-- EXERCISE DATA follows --

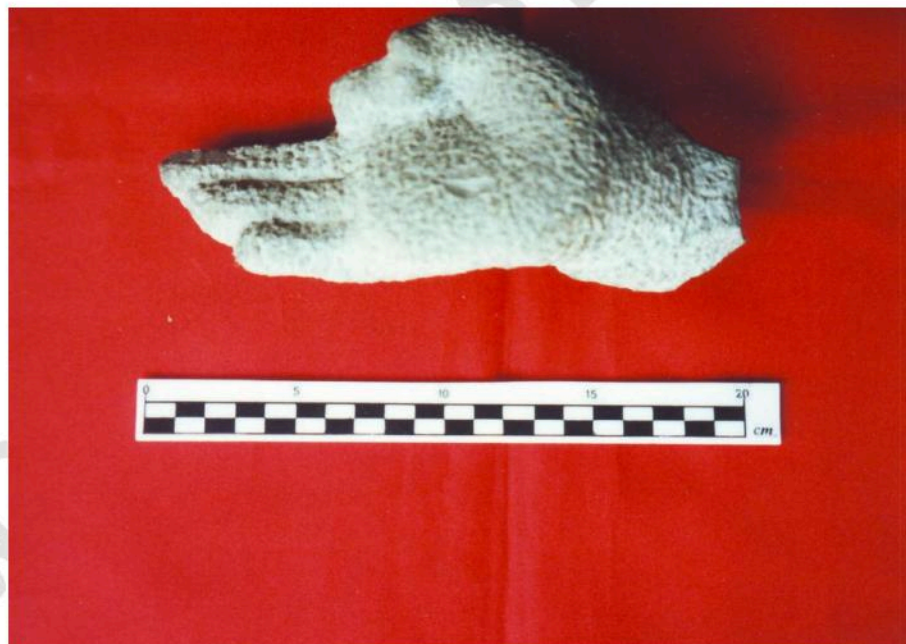
ชิ้นส่วนโกลกนหัตถ์พระพุทธรูป
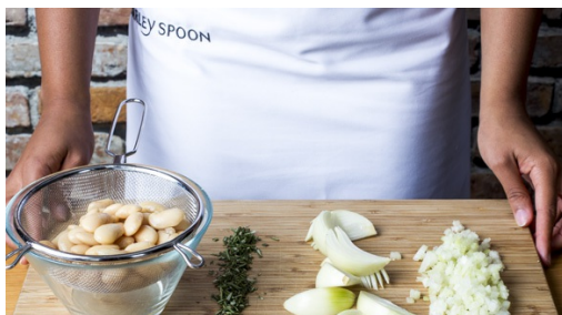
1. Zwiebeln schneiden

Energie 569kcal, Fett 21.9g, Kohlenhydrate 43.8g, Eiweiß 46.3g
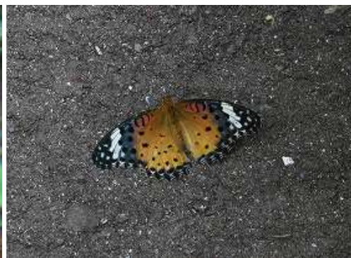
ツマグロヒョウモン 雌
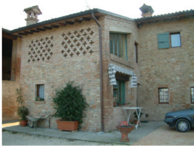
7. Edificio 3a. Fronte nord
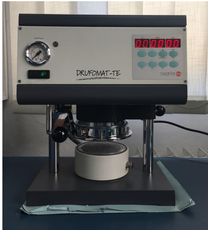
Slika 1. Dreve Druformat termoformirajući uređaj.

Udlaga se napravi od folije, kojih ima raznih debljina. Što je folija tanja, udlaga je udobnija za nošenje. Međutim, tanja folija je manje otporna na jake žvačne sile, pa se brzo troši. Stomatolog po svojoj procjeni odabere foliju koja bi bila adekvatna za bruksističke aktivnosti pacijenta.
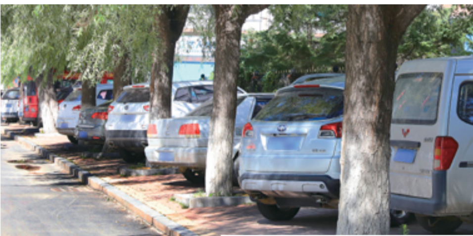
马路边石再高,硬着头皮也得上。
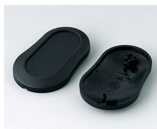
B9002906 Partie inférieure et supérieure DS PMMA (IR) (UL 94 HB) noir RAL 9005 51x32x13mm
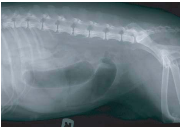
Figura 1A: Radiografía lateral del abdomen.
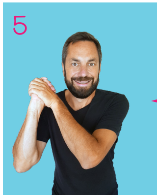
Le balançait de-ci de-là

(Les mains jointes passent sur l'épaule droite puis l'épaule gauche, plusieurs fois, dans un mouvement de balancier)
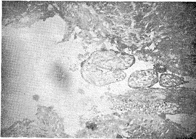
عکس شماره ۳- نمای میکروسکوپی پلاسنٹا اکرتا - پرزهای کوریون بدون رشته‌های عضلانی نفوذ کرده‌اند.
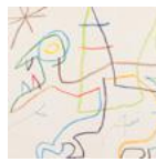
Salle 1 : Projection du film d'Albert Solé Bruset « Joan Miró. Le feu intérieur » (52' - France - 2018)

Le visiteur découvrira l'exposition déclinant au fil du temps l'évolution de la pensée et des réalisations de l'artiste.
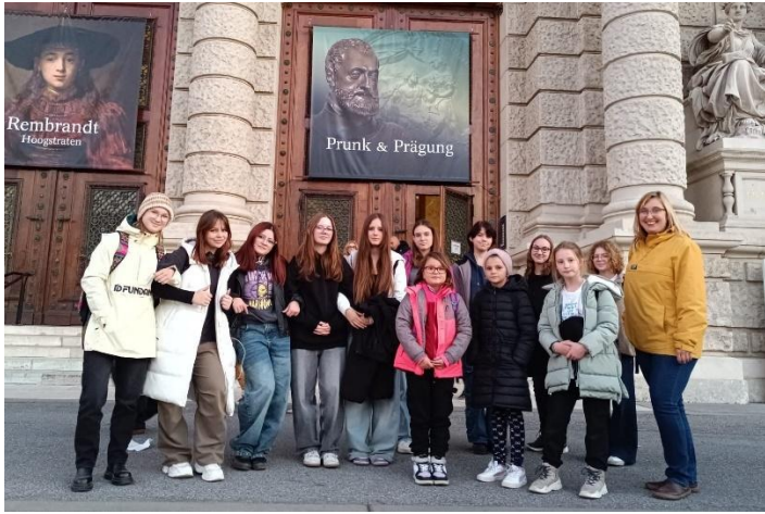
Podzimní výlet do Vídně
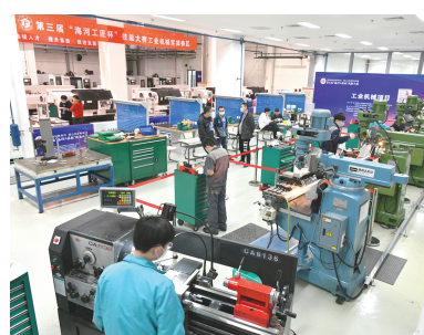
第三届“海河工匠杯”技能大赛现场。本报记者 胡凌云 通讯员 刘河江 摄

上午8时30分,在天津职业大学大数据工程技术应用赛场上,接到赛题的选手们开始有条不紊地逐一分析
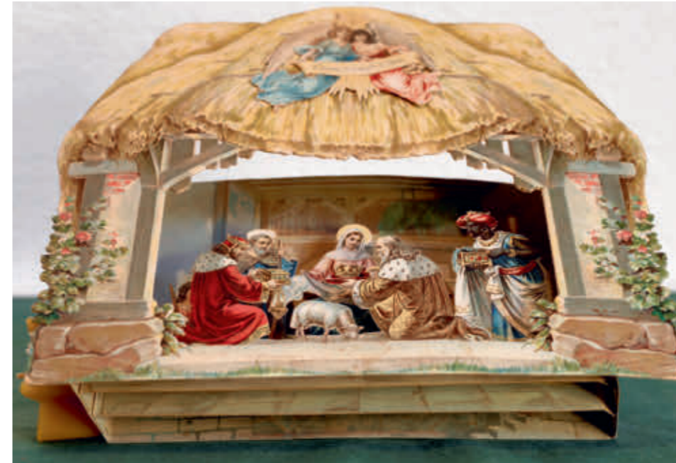
Abb. 11: Ist die Kulissenkrippe aufgefaltet, stehen die Figuren wie auf einer Bühne.

Nur wenige Jahre später kamen die ersten geprägten und ausgestanzten Chromolithografien auf den Markt. Mit diesen Buntdrucken entstand auch ein neuer Industriezweig: die Luxuspapierfabrikation. Und mit ihr gab es immer neue Varianten der Papierkrippen, wie z. B. die Fal- und Klappkrippen oder die Kulissen-

-- EXERCISE DATA concluded --

WORK INSTRUCTIONS:
Nothing but the lines from the one holding "Le balançait de-ci de-là" to the end of the entries above should be echoed, exactly and with both ends included; omit the pictures.

WRITTEN REPLY:
Le balançait de-ci de-là

(Les mains jointes passent sur l'épaule droite puis l'épaule gauche, plusieurs fois, dans un mouvement de balancier)
عکس شماره ۳- نمای میکروسکوپی پلاسنٹا اکرتا - پرزهای کوریون بدون رشته‌های عضلانی نفوذ کرده‌اند.
Salle 1 : Projection du film d'Albert Solé Bruset « Joan Miró. Le feu intérieur » (52' - France - 2018)

Le visiteur découvrira l'exposition déclinant au fil du temps l'évolution de la pensée et des réalisations de l'artiste.
Podzimní výlet do Vídně
第三届“海河工匠杯”技能大赛现场。本报记者 胡凌云 通讯员 刘河江 摄

上午8时30分,在天津职业大学大数据工程技术应用赛场上,接到赛题的选手们开始有条不紊地逐一分析
Abb. 11: Ist die Kulissenkrippe aufgefaltet, stehen die Figuren wie auf einer Bühne.

Nur wenige Jahre später kamen die ersten geprägten und ausgestanzten Chromolithografien auf den Markt. Mit diesen Buntdrucken entstand auch ein neuer Industriezweig: die Luxuspapierfabrikation. Und mit ihr gab es immer neue Varianten der Papierkrippen, wie z. B. die Fal- und Klappkrippen oder die Kulissen-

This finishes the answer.